Unter den möglichen Kandidaten für das Amt des SBU-Chefs werden am häufigsten Generalmajor Jewhen Chmara und Oleksandr Poklad genannt. Sie verfügen über umfassende Erfahrungen in der Gegenspionage. Serhij Filimonow betonte, dass es wichtig sei, die Einheit des Dienstes zu bewahren und dessen Professionalität unter kritischen Bedingungen zu unterstützen.

Schmyhal könnte neuer Energieminister werden

Derzeit, nach Korruptionsskandalen im Energiesektor, ist die Frage des Vertrauens in die Verwaltung in diesem Bereich kritisch geworden. Es gibt die Hoffnung, dass der neue Energieminister ein systemischer Manager wird, der in der Lage ist, komplexe Krisen zu bewältigen. Roman Pohorilyi wies darauf hin, dass die Ernennung von Schmyhal ein Signal für die Bereitschaft des Staates zur Lösung von Problemen in diesem Bereich ist.

Die Entlassung von Syrsky wird nicht stattfinden

Trotz personeller Veränderungen erinnerte Wolodymyr Selenskyj daran, dass Oleksandr Syrsky weiterhin Chef des Oberkommandos bleibt. Dies hängt mit der Notwendigkeit der Stabilität im Verhandlungsprozess zusammen.

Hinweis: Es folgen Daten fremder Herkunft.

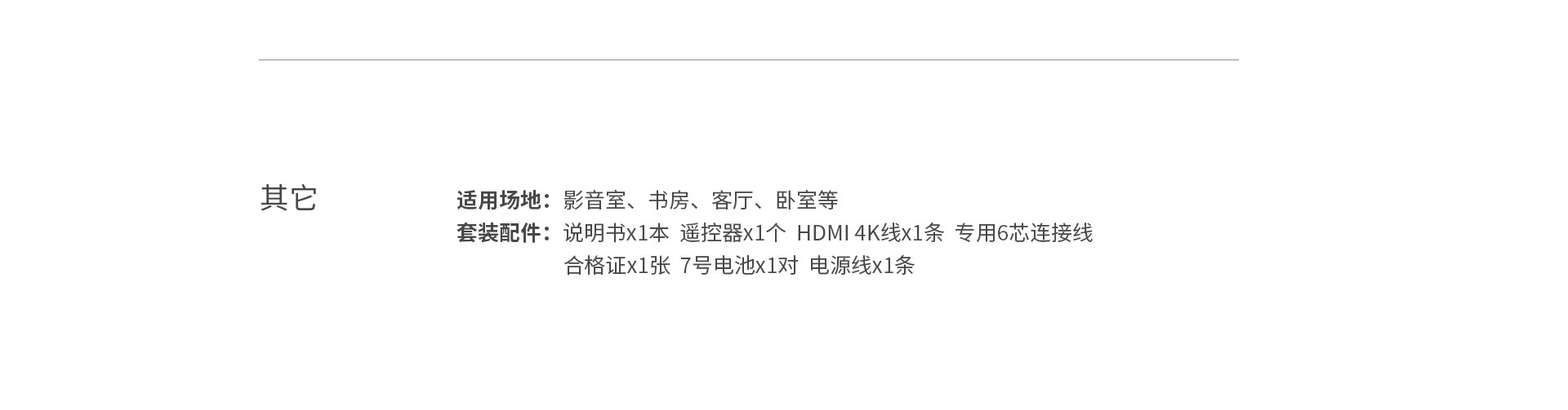 套装配件:说明书×1本、遥控器×1个、HDMI 4K线×1条 合格证×1张、7号电池×1对、电源线×1条、主音箱连接线×1对

„Ich denke, dass die Entscheidung über den Austausch schon lange getroffen wurde.“

Experten betonen, dass es in der gegenwärtigen Lage wichtig ist, Stabilität in der Führung der Streitkräfte zu bewahren.

Insofern erfordert die Situation dringend Reformen in den Streitkräften, da sich mittlerweile zahlreiche Probleme angesammelt haben, die eine schnelle Lösung erfordern. Roman Pohorilyi betonte, dass das Land tiefgreifende Reformen benötigt, die die Managementsysteme und menschlichen Ressourcen berücksichtigen, da das Ignorieren dieser Aspekte zu weiterem Chaos an der Front führen könnte.